§ Action item
All of the listing should be returned as written, apart from any picture in it.
--- Supplied data Enclosed Below ---
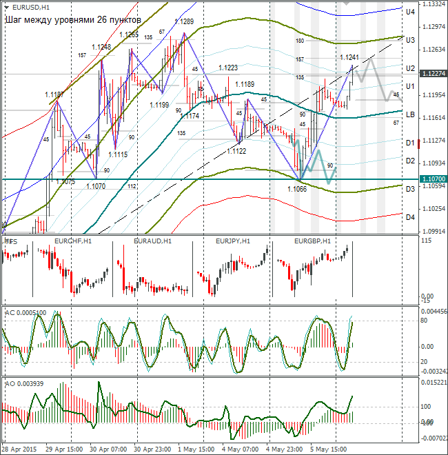 В 11:30 мск в Великобритании будет опубликован индекс деловой активности в сфере услуг. По прогнозу в апреле ожидается снижение показателя до 58,5 с 58,9 пунктов. По значимости показатель имеет 3 звезды из 3. Если индекс PMI окажется лучше прогноза и падение доллара продолжится, фунт может вернуться к линии U3 – 1,5306. Даже несмотря на предстоящие выборы в Великобритании. При слабом показателе жду возврат GBPUSD к lb.
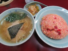 a亭 | ラーメン | 東京都世田谷区北沢 | ★★ (2018.5.26) | 普通 | ![]() | 下北沢駅南口から3分、あずま通り商店街にあります。いかにも昔ながらの中華料理屋の外観です。店内は、カウンター席が8つ、テーブルが4つ、二階に座敷もあります。昭和の空気が流れています。メディアにもしばしば登場する有名店のようで、開店時から1階の席は埋まりました。ラーチャン(850円)を注文しました。半ラーメンと半チャーハンのセットです。キムチが付きます。ラーメンは、海苔、ほうれん草、チャーシュー、刻みネギが入っていました。昔ながらの鶏ガラの醤油ラーメンです。チャーハンはピンク色、チャーシューの食紅の色なんだそうです。見た目にインパクトありますが、味は通常のパラパラ系チャーハンです。美味しいです。他には、各種中華料理、各種定食、各種チャーハン、お粥などがありました。この種類のお店でこれだけ人気があるのは凄いですね。 |
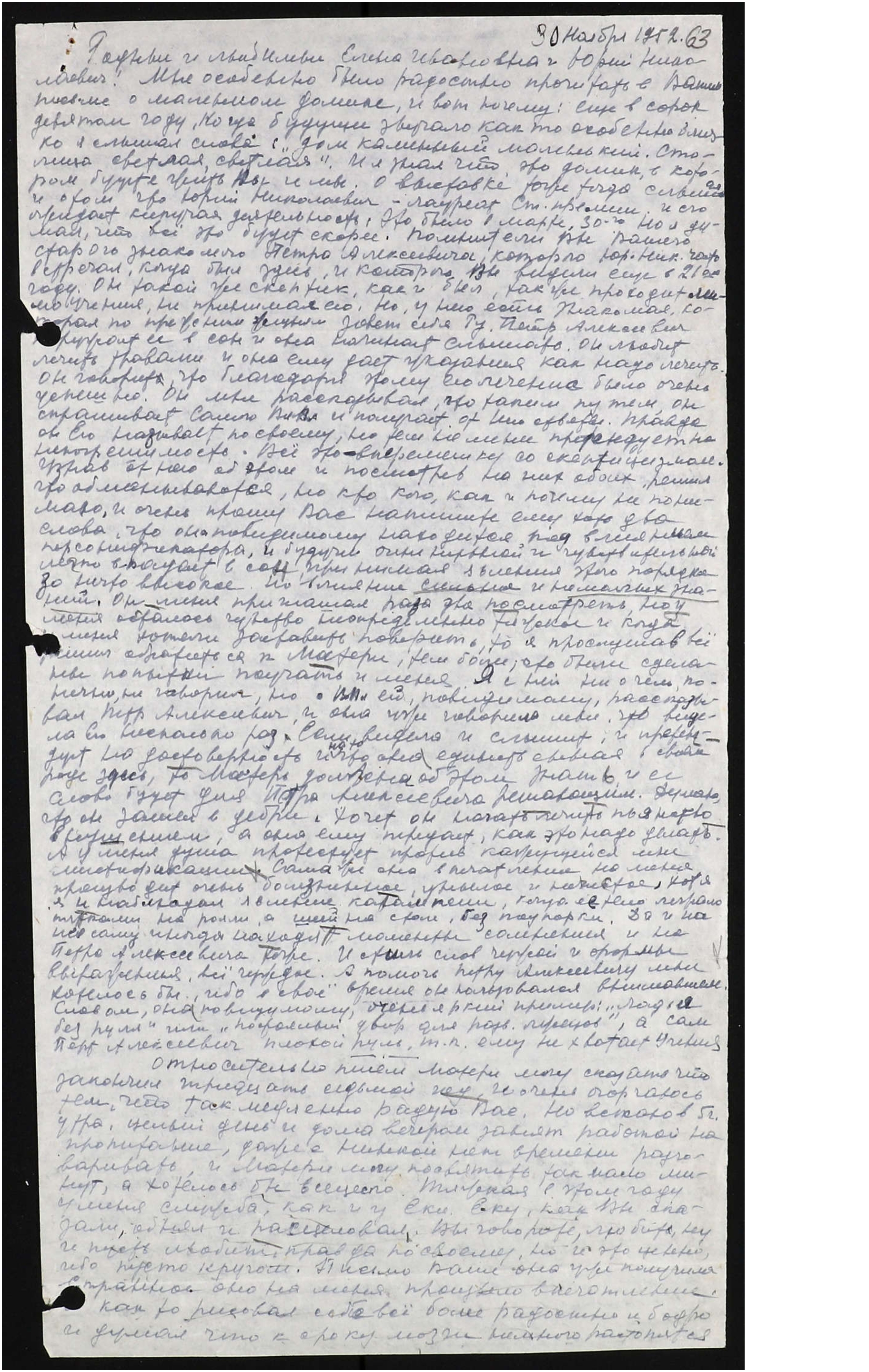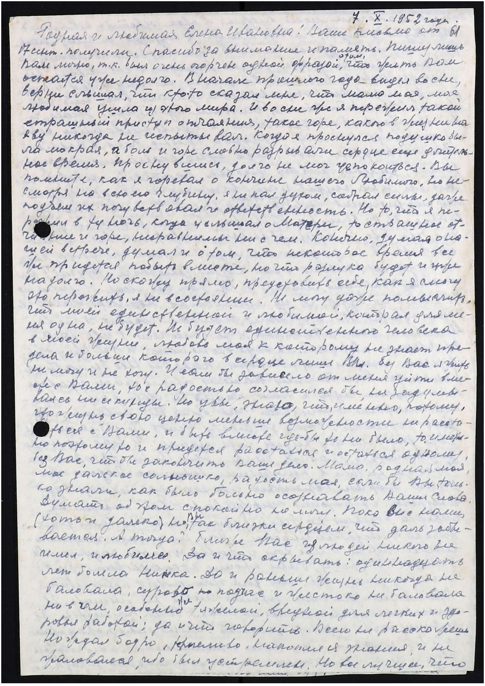 Родная и любимая Елена Ивановна! Ваше письмо от 17 сент[ября] получили. Спасибо за внимание и память. Пишу лишь Вам лично, т.к. был очень огорчен одной фразой о том, что жить Вам остается уже недолго. В начале прошлого года видел во сне, вернее слышал, что кто-то сказал мне, что мама моя, моя любимая, ушла из этого мира. И во сне же я пережил такой страшный приступ отчаяния, такое горе, какого в жизни наяву никогда не испытывал. Когда я проснулся, подушка была мокрая, а боль и горе словно разрывали сердце еще длительное время. Проснувшись, долго не мог успокоиться. Вы помните, как я горевал о кончине Нашего Любимого, но несмотря на всю его глубину, я не пал духом, собрал силы, даже подъем их почувствовал и ответственность. Но то, что я пережил в ту ночь, когда услышал о Матери, то страшное отчаяние и горе, несравнимы ни с чем. Конечно, думая о нашей встрече, думал и о том, что некоторое время все же придется побыть вместе, но что разлука будет и уже надолго. Но скажу прямо, представить себе, как я смогу это пережить, я не в состоянии. Не могу даже помыслить, что моей единственной и любимой, которая для меня одна, не будет. Не будет единственного человека в моей жизни, любовь моя к которому не знает предела, и больше которого в сердце лишь В[еликий] Вл[адыка]. Без Вас я жить не могу и не хочу. И если бы зависело от меня уйти вместе с Вами, то с радостью согласился бы, не задумываясь ни секунды. Но увы, знаю, что именно потому, что жизнь свою ценю меньше возможности не расставаться с Вами, и быть вместе где бы то ни было, то именно поэтому-то и придется расстаться, и остаться одному, без Вас, чтобы закончить Ваше дело.
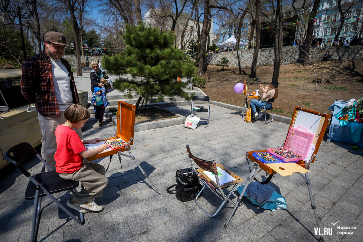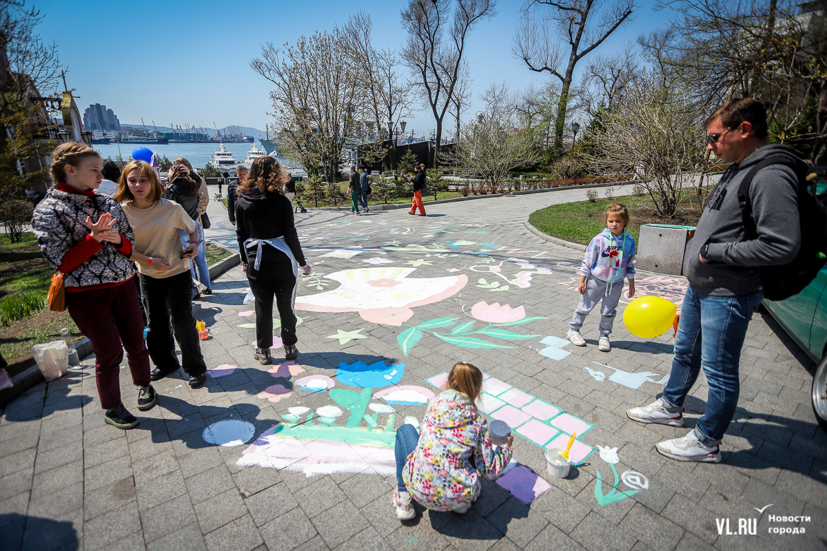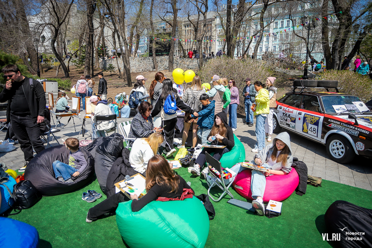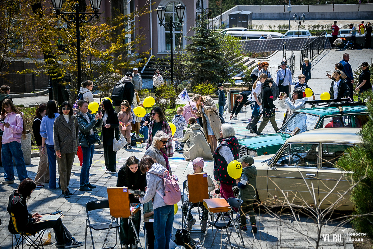 Чуть поодаль от стоянки ретроавтомобилей дети и взрослые красками пастельных тонов создают на плитке сквера большую картину с голубями.
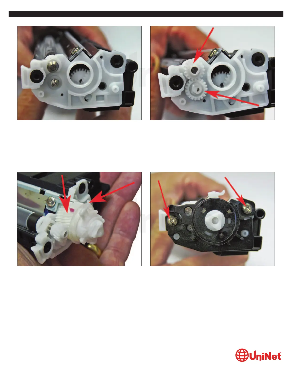 23. Press the inner end cap in place. 24. Install the two gears on the feed and developer roller shafts.
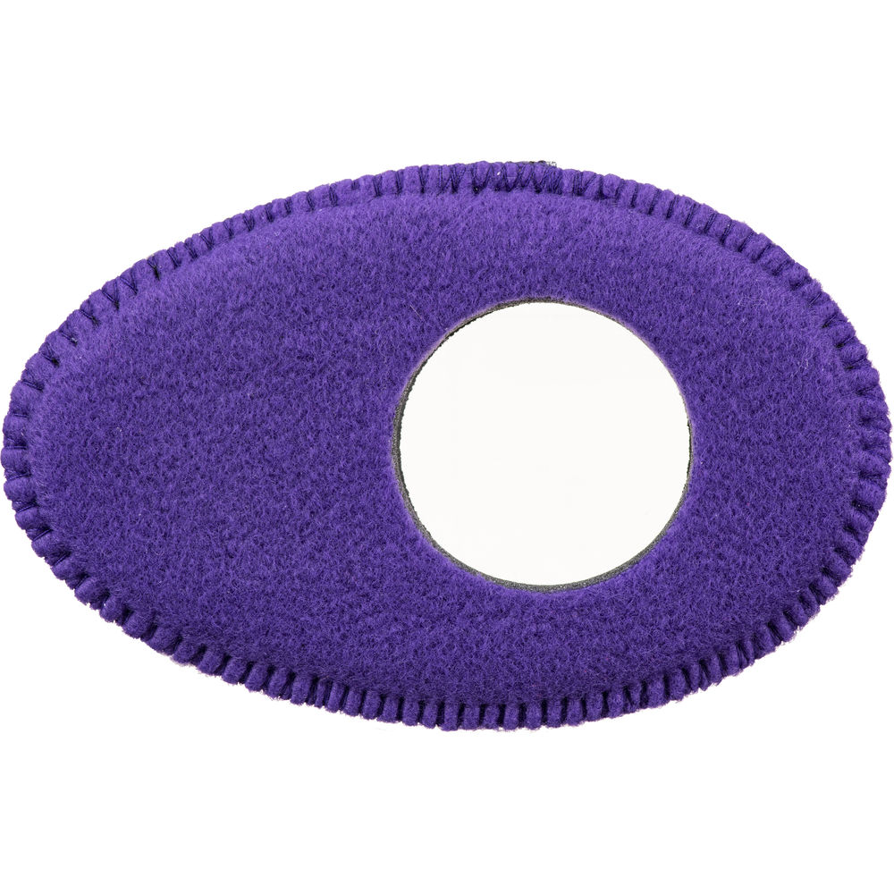 The Oval Long Viewfinder Eyecushion in purple fleece, from Bluestar, features outside dimensions of 5 x 3.3" to securely fit over many common external and built-in viewfinders. These include those of the Panasonic AF101, HDX 900P, HMC81, HPX2100, or HPX3000, the Sony FS100E, PMW-200, PXW-X70, PXW-X200, or PXW-Z90V, the JVC GY-HMC750, and many more. This fleece version is made of 100% synthetic material and provides a high level of softness and comfort for cold weather while enhancing light blockage. The fluffy feel reduces the rate of heat transfer, making the material feel warmer in cold conditions.
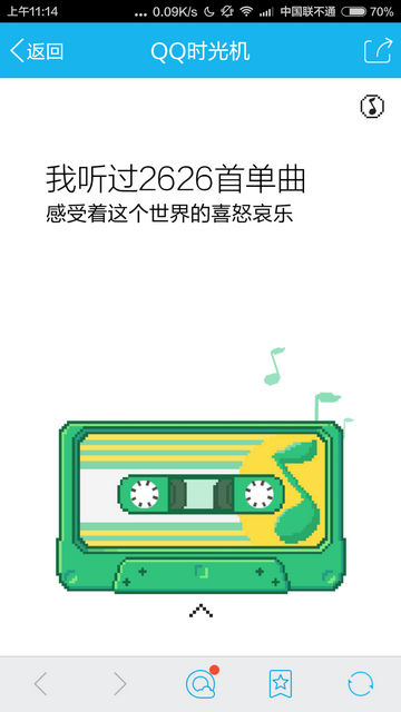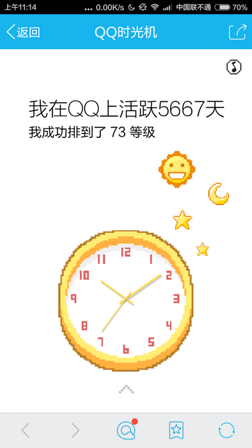 时光机中会提及到自己第一次玩QQ时间、听了多少首哥、发布日志篇数及照片张数,很有意思。想要查看自己的专属时光机,手机点击链接查看即可!
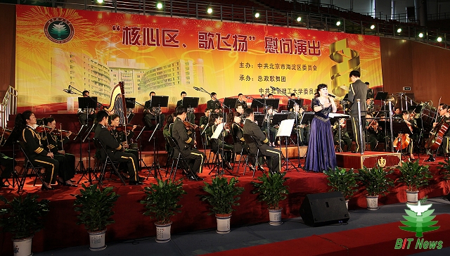 随后,总政歌舞团为北理工师生带来了《红旗颂》、《天鹅湖》组曲、 《春节序曲》、《蓝色多瑙河》圆舞曲、《瑶族舞曲》、《蝙蝠》序曲等中外名曲,著名女中音歌唱家姜丽娜、男高音歌唱家宋立忠和女高音歌唱家周晓琳分别演唱了《红梅花儿开》、《我的太阳》、《我爱你,中国》、《打起手鼓唱起歌》等大家耳熟能详的歌曲。
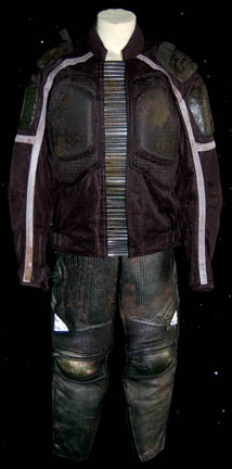 A costume featured in the Star Trek: Enterprise episode “The Anomaly” for wear by actors portraying Osaarian Pirates in the Delphic Expanse. The costume is a ‘First Gear' name brand motorcycle jacket and pants with multiple crash protection placements, size adjusting straps, zips, and reflective safety strips. The costume has … |
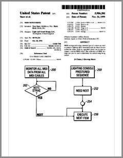 5986201 | Midi Monitoring | US | Starr, Hunt | Light & Sound Design | 11-16-1999 |
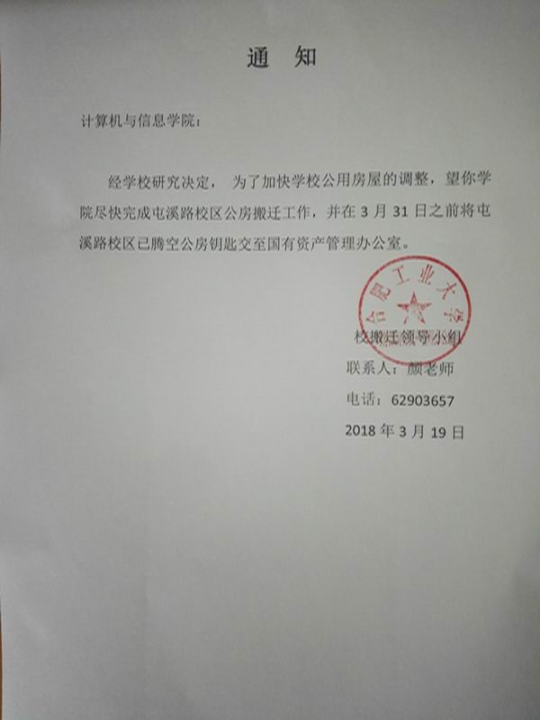 学院接学校搬迁领导小组通知,要求我院于本月底前将屯溪路校区学院公房钥匙交至校国有资产管理办公室。现通知如下:学院各科研团队请于3月28日(下周三)之前将原屯溪路校区公房钥匙交至院办徐静老师处,逾期不交学院将上报学校、追究相关当事人责任并给予相应处理。
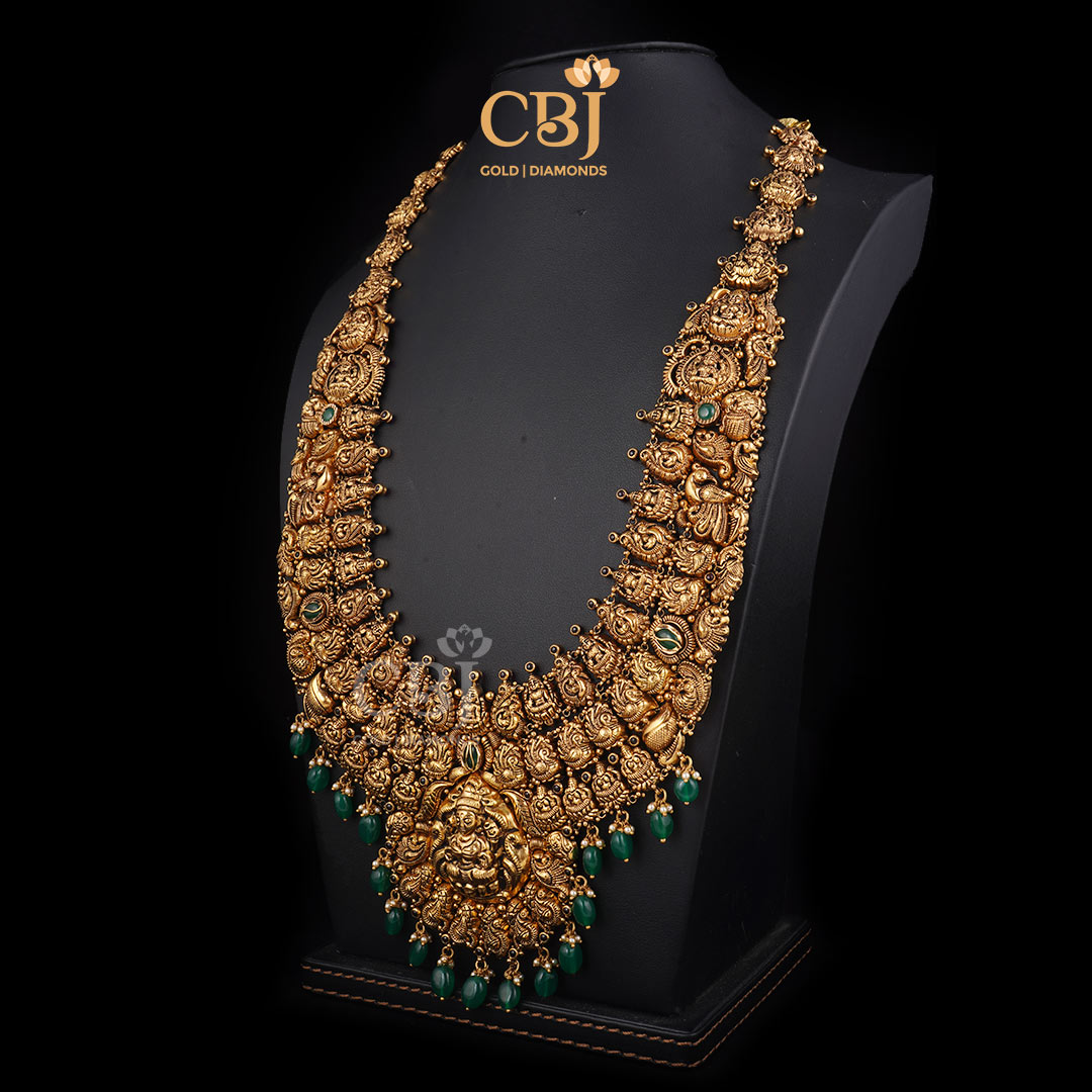 48 grams Antique lightweight Nakshi long Haram Necklace Design
--- End of Enclosed Supplied data ---
§ Answer box
 В 11:30 мск в Великобритании будет опубликован индекс деловой активности в сфере услуг. По прогнозу в апреле ожидается снижение показателя до 58,5 с 58,9 пунктов. По значимости показатель имеет 3 звезды из 3. Если индекс PMI окажется лучше прогноза и падение доллара продолжится, фунт может вернуться к линии U3 – 1,5306. Даже несмотря на предстоящие выборы в Великобритании. При слабом показателе жду возврат GBPUSD к lb.
 a亭 | ラーメン | 東京都世田谷区北沢 | ★★ (2018.5.26) | 普通 | ![]() | 下北沢駅南口から3分、あずま通り商店街にあります。いかにも昔ながらの中華料理屋の外観です。店内は、カウンター席が8つ、テーブルが4つ、二階に座敷もあります。昭和の空気が流れています。メディアにもしばしば登場する有名店のようで、開店時から1階の席は埋まりました。ラーチャン(850円)を注文しました。半ラーメンと半チャーハンのセットです。キムチが付きます。ラーメンは、海苔、ほうれん草、チャーシュー、刻みネギが入っていました。昔ながらの鶏ガラの醤油ラーメンです。チャーハンはピンク色、チャーシューの食紅の色なんだそうです。見た目にインパクトありますが、味は通常のパラパラ系チャーハンです。美味しいです。他には、各種中華料理、各種定食、各種チャーハン、お粥などがありました。この種類のお店でこれだけ人気があるのは凄いですね。 |
 Родная и любимая Елена Ивановна! Ваше письмо от 17 сент[ября] получили. Спасибо за внимание и память. Пишу лишь Вам лично, т.к. был очень огорчен одной фразой о том, что жить Вам остается уже недолго. В начале прошлого года видел во сне, вернее слышал, что кто-то сказал мне, что мама моя, моя любимая, ушла из этого мира. И во сне же я пережил такой страшный приступ отчаяния, такое горе, какого в жизни наяву никогда не испытывал. Когда я проснулся, подушка была мокрая, а боль и горе словно разрывали сердце еще длительное время. Проснувшись, долго не мог успокоиться. Вы помните, как я горевал о кончине Нашего Любимого, но несмотря на всю его глубину, я не пал духом, собрал силы, даже подъем их почувствовал и ответственность. Но то, что я пережил в ту ночь, когда услышал о Матери, то страшное отчаяние и горе, несравнимы ни с чем. Конечно, думая о нашей встрече, думал и о том, что некоторое время все же придется побыть вместе, но что разлука будет и уже надолго. Но скажу прямо, представить себе, как я смогу это пережить, я не в состоянии. Не могу даже помыслить, что моей единственной и любимой, которая для меня одна, не будет. Не будет единственного человека в моей жизни, любовь моя к которому не знает предела, и больше которого в сердце лишь В[еликий] Вл[адыка]. Без Вас я жить не могу и не хочу. И если бы зависело от меня уйти вместе с Вами, то с радостью согласился бы, не задумываясь ни секунды. Но увы, знаю, что именно потому, что жизнь свою ценю меньше возможности не расставаться с Вами, и быть вместе где бы то ни было, то именно поэтому-то и придется расстаться, и остаться одному, без Вас, чтобы закончить Ваше дело.
 Чуть поодаль от стоянки ретроавтомобилей дети и взрослые красками пастельных тонов создают на плитке сквера большую картину с голубями.
 23. Press the inner end cap in place. 24. Install the two gears on the feed and developer roller shafts.
 The Oval Long Viewfinder Eyecushion in purple fleece, from Bluestar, features outside dimensions of 5 x 3.3" to securely fit over many common external and built-in viewfinders. These include those of the Panasonic AF101, HDX 900P, HMC81, HPX2100, or HPX3000, the Sony FS100E, PMW-200, PXW-X70, PXW-X200, or PXW-Z90V, the JVC GY-HMC750, and many more. This fleece version is made of 100% synthetic material and provides a high level of softness and comfort for cold weather while enhancing light blockage. The fluffy feel reduces the rate of heat transfer, making the material feel warmer in cold conditions.
 时光机中会提及到自己第一次玩QQ时间、听了多少首哥、发布日志篇数及照片张数,很有意思。想要查看自己的专属时光机,手机点击链接查看即可!
 随后,总政歌舞团为北理工师生带来了《红旗颂》、《天鹅湖》组曲、 《春节序曲》、《蓝色多瑙河》圆舞曲、《瑶族舞曲》、《蝙蝠》序曲等中外名曲,著名女中音歌唱家姜丽娜、男高音歌唱家宋立忠和女高音歌唱家周晓琳分别演唱了《红梅花儿开》、《我的太阳》、《我爱你,中国》、《打起手鼓唱起歌》等大家耳熟能详的歌曲。
 A costume featured in the Star Trek: Enterprise episode “The Anomaly” for wear by actors portraying Osaarian Pirates in the Delphic Expanse. The costume is a ‘First Gear' name brand motorcycle jacket and pants with multiple crash protection placements, size adjusting straps, zips, and reflective safety strips. The costume has … |
 5986201 | Midi Monitoring | US | Starr, Hunt | Light & Sound Design | 11-16-1999 |
 学院接学校搬迁领导小组通知,要求我院于本月底前将屯溪路校区学院公房钥匙交至校国有资产管理办公室。现通知如下:学院各科研团队请于3月28日(下周三)之前将原屯溪路校区公房钥匙交至院办徐静老师处,逾期不交学院将上报学校、追究相关当事人责任并给予相应处理。
 48 grams Antique lightweight Nakshi long Haram Necklace Design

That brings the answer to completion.